[Exercise details]: Copy nothing from the entries below except the lines from the one containing "- Select the" through the one containing "The second letter", and copy those exactly.

[Entries provided]:
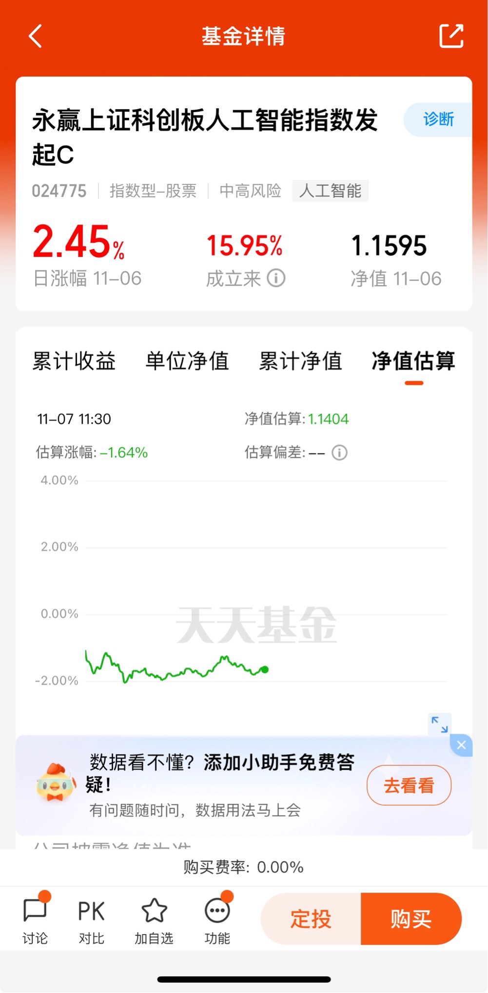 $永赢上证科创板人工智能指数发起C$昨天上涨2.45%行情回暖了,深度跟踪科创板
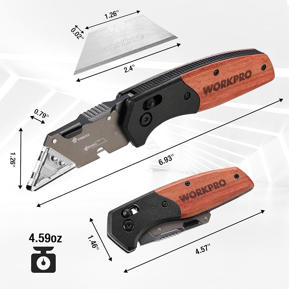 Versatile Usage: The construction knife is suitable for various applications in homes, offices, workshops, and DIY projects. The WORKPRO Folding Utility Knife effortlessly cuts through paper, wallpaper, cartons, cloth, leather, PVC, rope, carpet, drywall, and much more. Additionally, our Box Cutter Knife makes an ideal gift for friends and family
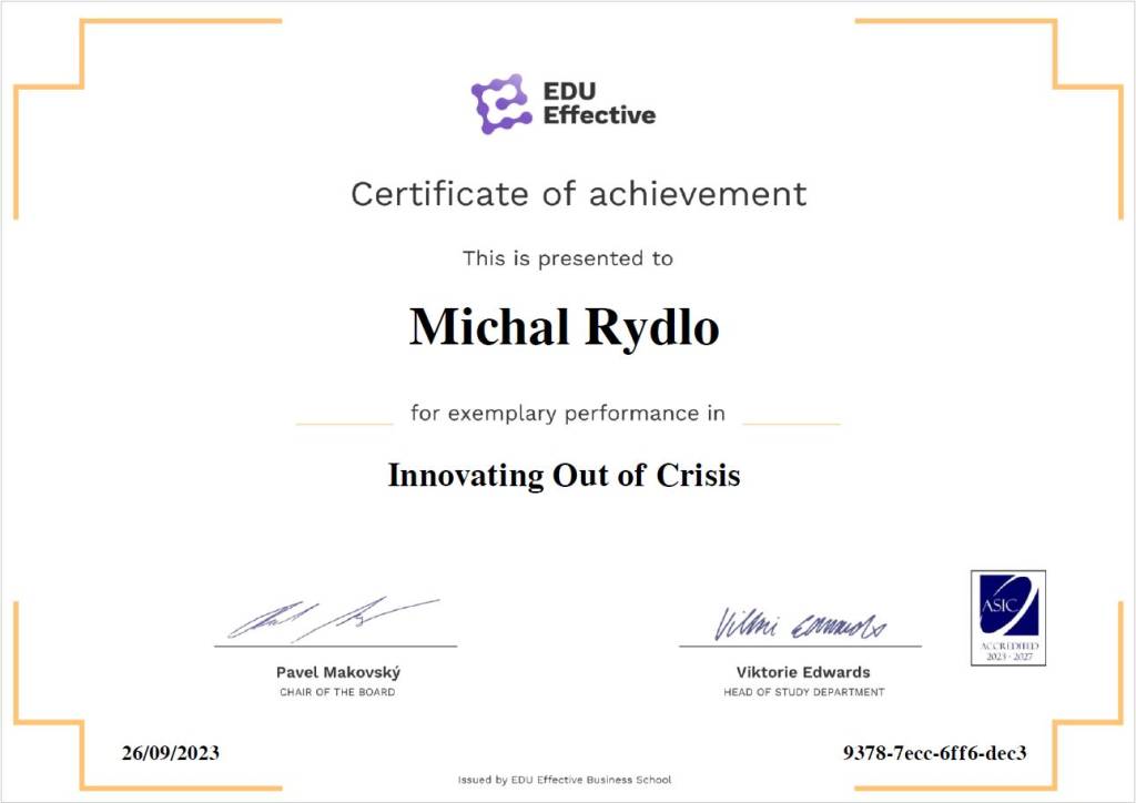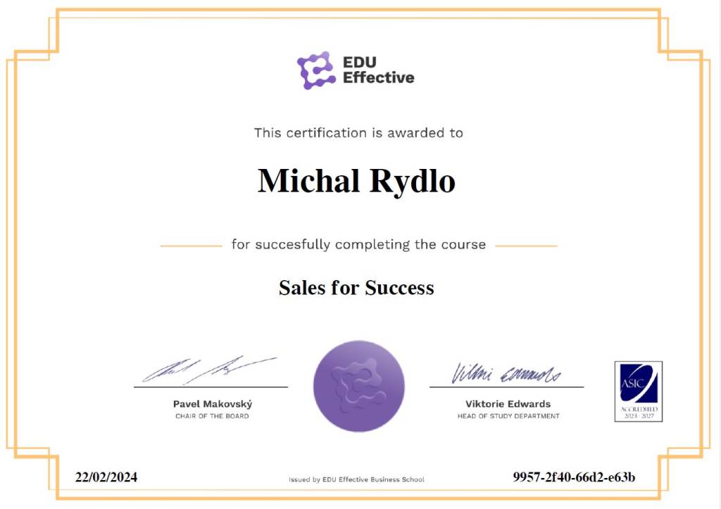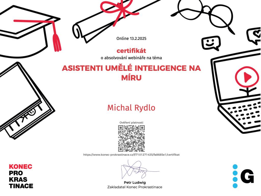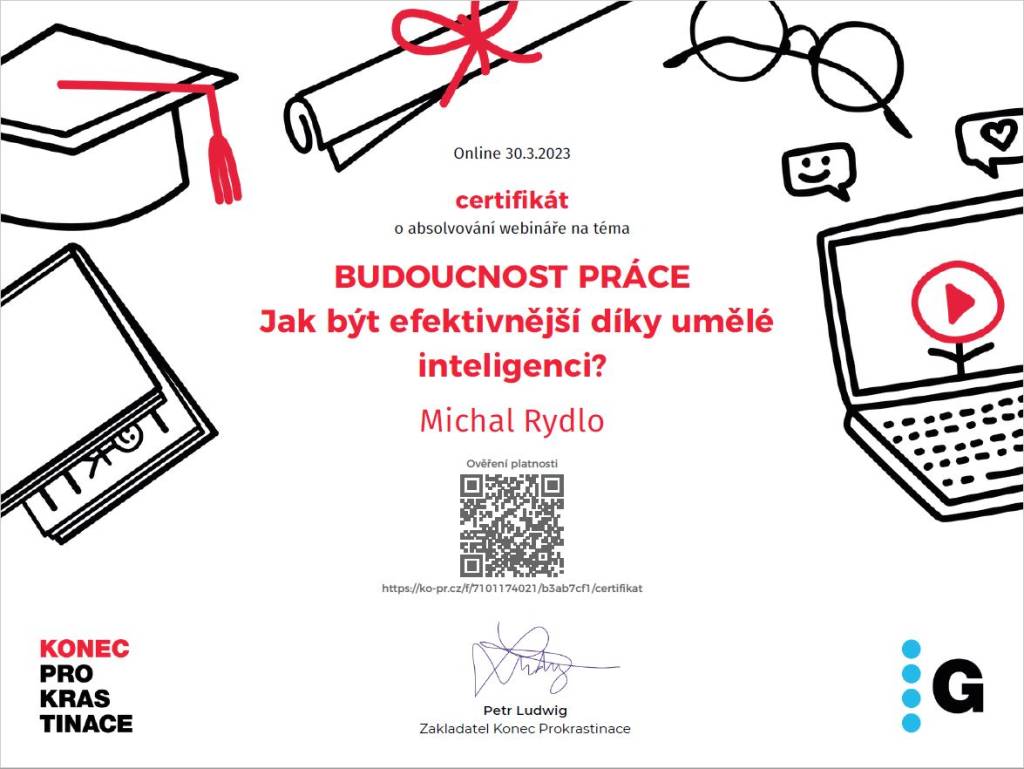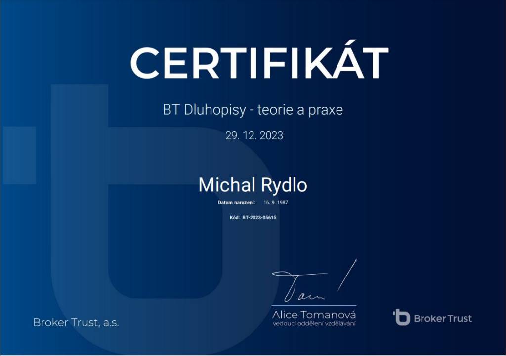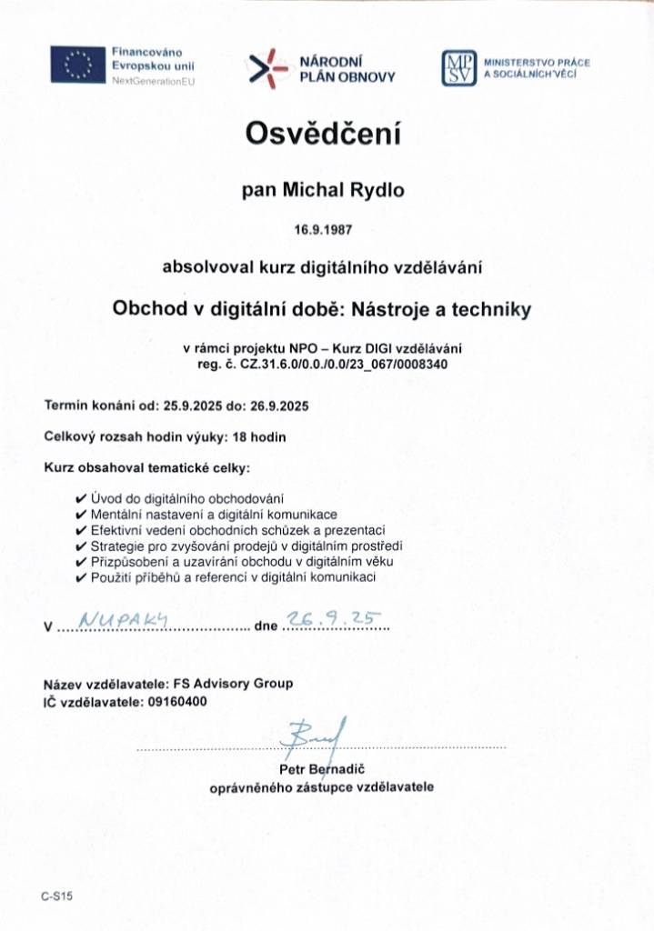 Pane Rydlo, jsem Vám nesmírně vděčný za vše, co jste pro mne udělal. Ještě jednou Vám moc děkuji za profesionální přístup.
---
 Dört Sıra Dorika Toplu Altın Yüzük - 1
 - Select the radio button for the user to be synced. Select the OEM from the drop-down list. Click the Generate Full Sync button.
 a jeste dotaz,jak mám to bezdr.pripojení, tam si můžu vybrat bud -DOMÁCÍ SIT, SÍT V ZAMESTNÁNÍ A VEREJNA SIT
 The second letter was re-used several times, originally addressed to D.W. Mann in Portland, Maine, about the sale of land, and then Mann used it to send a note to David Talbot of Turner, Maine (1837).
==
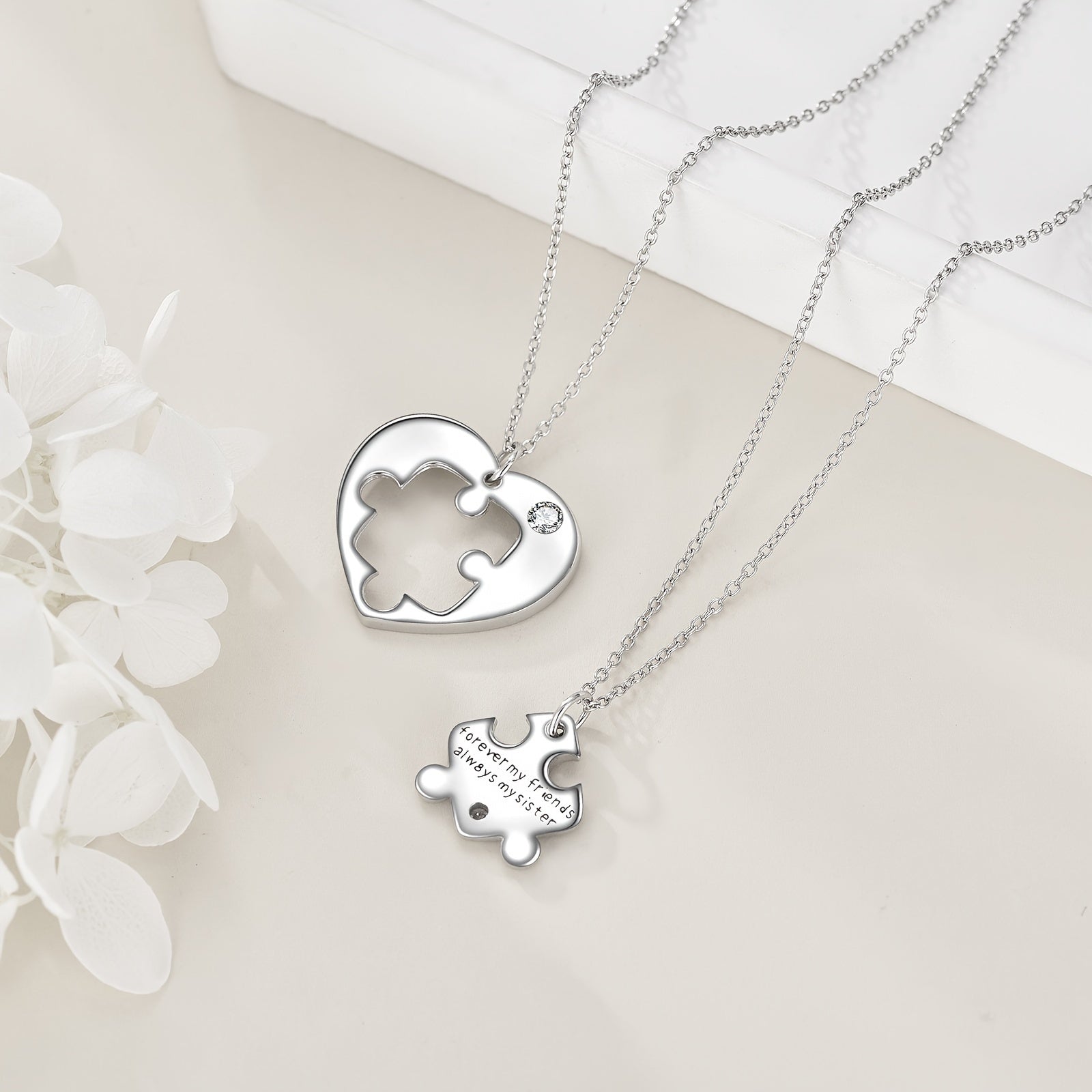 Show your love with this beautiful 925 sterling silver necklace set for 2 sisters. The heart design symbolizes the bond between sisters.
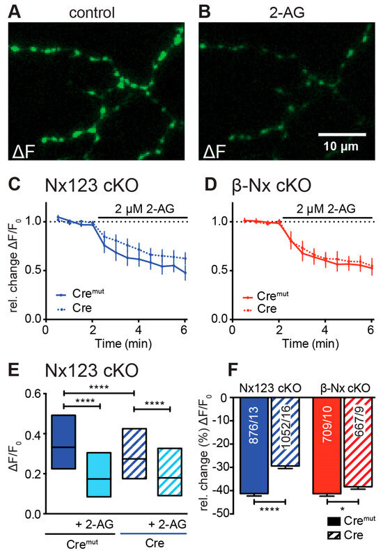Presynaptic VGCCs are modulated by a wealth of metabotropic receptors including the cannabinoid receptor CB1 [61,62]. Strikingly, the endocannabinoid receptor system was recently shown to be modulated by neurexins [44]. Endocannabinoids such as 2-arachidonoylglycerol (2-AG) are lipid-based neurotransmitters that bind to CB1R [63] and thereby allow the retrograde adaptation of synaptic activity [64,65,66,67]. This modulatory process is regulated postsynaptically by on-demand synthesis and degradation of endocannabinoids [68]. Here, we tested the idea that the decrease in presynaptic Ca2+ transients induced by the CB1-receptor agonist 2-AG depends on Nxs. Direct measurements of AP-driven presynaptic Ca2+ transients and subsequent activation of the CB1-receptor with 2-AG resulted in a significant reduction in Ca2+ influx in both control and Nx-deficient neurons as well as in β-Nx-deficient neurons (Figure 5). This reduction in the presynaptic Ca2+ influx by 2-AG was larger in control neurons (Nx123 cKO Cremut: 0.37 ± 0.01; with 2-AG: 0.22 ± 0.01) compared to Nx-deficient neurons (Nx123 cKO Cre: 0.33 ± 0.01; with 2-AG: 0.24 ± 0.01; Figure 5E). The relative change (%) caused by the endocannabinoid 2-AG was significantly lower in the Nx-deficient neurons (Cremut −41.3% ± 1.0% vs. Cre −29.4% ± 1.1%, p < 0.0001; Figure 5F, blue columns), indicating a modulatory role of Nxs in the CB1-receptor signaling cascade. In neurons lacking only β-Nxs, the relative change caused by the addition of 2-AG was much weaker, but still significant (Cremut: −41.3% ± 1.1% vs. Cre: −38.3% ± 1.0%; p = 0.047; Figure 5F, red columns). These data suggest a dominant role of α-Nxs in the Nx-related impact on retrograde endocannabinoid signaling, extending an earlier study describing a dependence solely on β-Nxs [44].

[Task response]:
 - Select the radio button for the user to be synced. Select the OEM from the drop-down list. Click the Generate Full Sync button.
 a jeste dotaz,jak mám to bezdr.pripojení, tam si můžu vybrat bud -DOMÁCÍ SIT, SÍT V ZAMESTNÁNÍ A VEREJNA SIT
 The second letter was re-used several times, originally addressed to D.W. Mann in Portland, Maine, about the sale of land, and then Mann used it to send a note to David Talbot of Turner, Maine (1837).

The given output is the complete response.